Me and Sydney were on the water by 8 and picked up these before we ran out of clear water at about 10. 
I let her gig most of them note the body shot.


----------



## jtrump (May 26, 2014)

Nice fish! Gotta work on those headshots 


I saw a post by you awhile back with you're light setup, I really like the idea of no glare and using underwater bulbs, " lots of wind always here-ripples etc" however 120v scares me, would you mind I pm you sometime on how exactly you built them?


----------



## bamafan611 (Mar 1, 2010)

Great couple of hours Marc.As hard as we try head shots don't always happen. Good job Sydney, groceries are better than a headshot any day.


----------



## Night Shift (Nov 5, 2012)

I always say you can fry the holes


----------



## Flounder9.75 (Sep 28, 2007)

jtrump said:


> Nice fish! Gotta work on those headshots
> 
> 
> I saw a post by you awhile back with you're light setup, I really like the idea of no glare and using underwater bulbs, " lots of wind always here-ripples etc" however 120v scares me, would you mind I pm you sometime on how exactly you built them?

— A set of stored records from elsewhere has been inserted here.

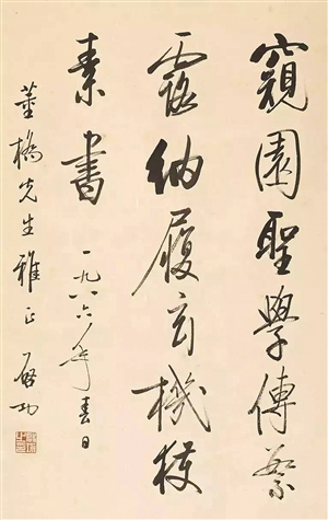 在“金耀基八十書法展”上,著名學(xué)者余英時托董橋轉(zhuǎn)達對金耀基書法的評價,同樣意味深長。余英時表示,他不愿將書法從金耀基的“人生中完全孤立出來”。藝術(shù)精神貫穿在金耀基的全部生命之中,書法不過是其中的一環(huán)而已?!笆聦嵣希粌H他以‘語絲’為名的所有散文是藝術(shù)的化身,而且他在百萬言的學(xué)術(shù)論述中,也時時流露出藝術(shù)的光芒?!庇嘤r最后點睛一道:“我在室中走動,偶然抬頭看到他贈我的條幅,但我所見到的卻不是書法,而是書法家本人?!钡拇_,見字如見人,人所見的實際是字中所涵養(yǎng)的人格。
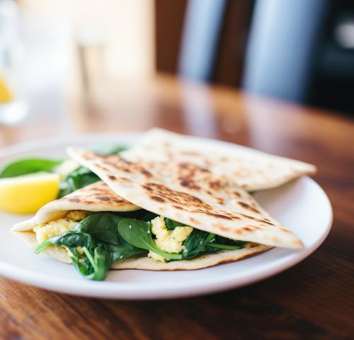 Spinach and Feta Scrambled Egg Pitas
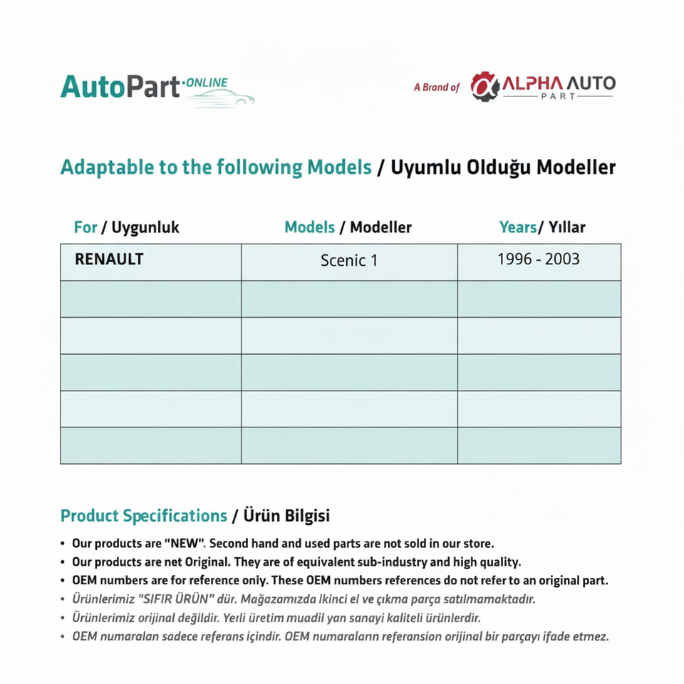 Kit de réparation de vitre droite pour Renault Scenic 1
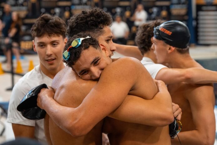 The Tunisian Tandem from Gainesville put on a show for NCAA fans tonight. Ahmed Hafnaoui and Ahmed Jaouadi touched 1-2 in the 500 free, making a distance sweep for Florida at this meet and netting Hafnaoui his first NCAA title. After the race, they both expressed their delight with how they’ve executed this week and getting to train with one another again after many years apart.
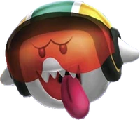 Gara Boo è un Boo gigante con indosso un casco con una visiera arancione.
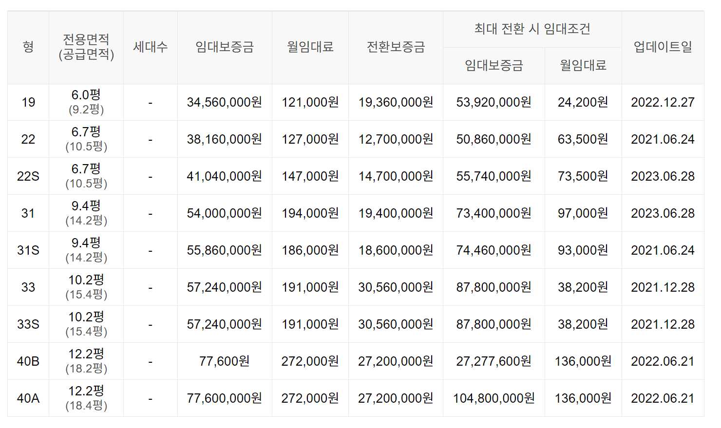 임대보증금 및 월 임대료는 입주자 모집공고일 기준이며, 보증금 최대 전환 시 변동될 수 있습니다.
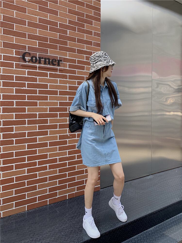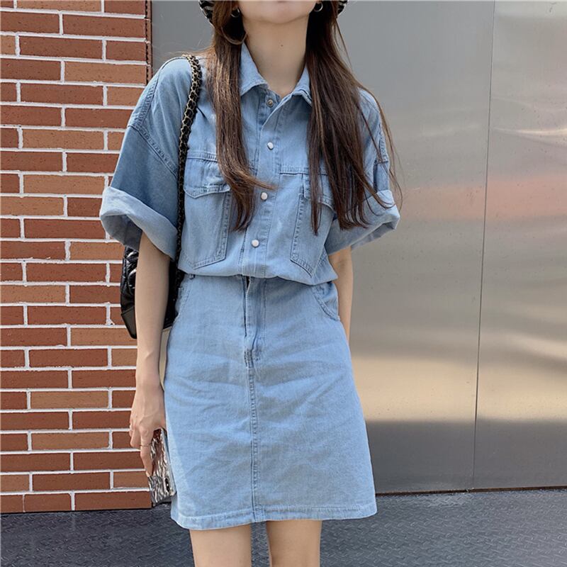NEW夏服スタンダードシャツ トップス ハイウェストウェストスリムスカート レディース レトロ 夏物 ウエスト muzly4608300275

Just get some Woodhead water proof sockets and make sure all your connections are sealed up good and then put a bead of silicone around the lip of the socket to seal up the bulb. Or just get some underwater LEDs 
When I started using these 25yrs ago they didn't have LEDs


----------



## Flounder9.75 (Sep 28, 2007)

PM if you more ?


----------



## Gnwdad (Oct 14, 2007)

Wirelessly posted (Air Force 1)

Can complain for a Neap Tide!


----------



## Night Wing (May 16, 2011)

Nice "Baker's Dozen". :thumbsup:


----------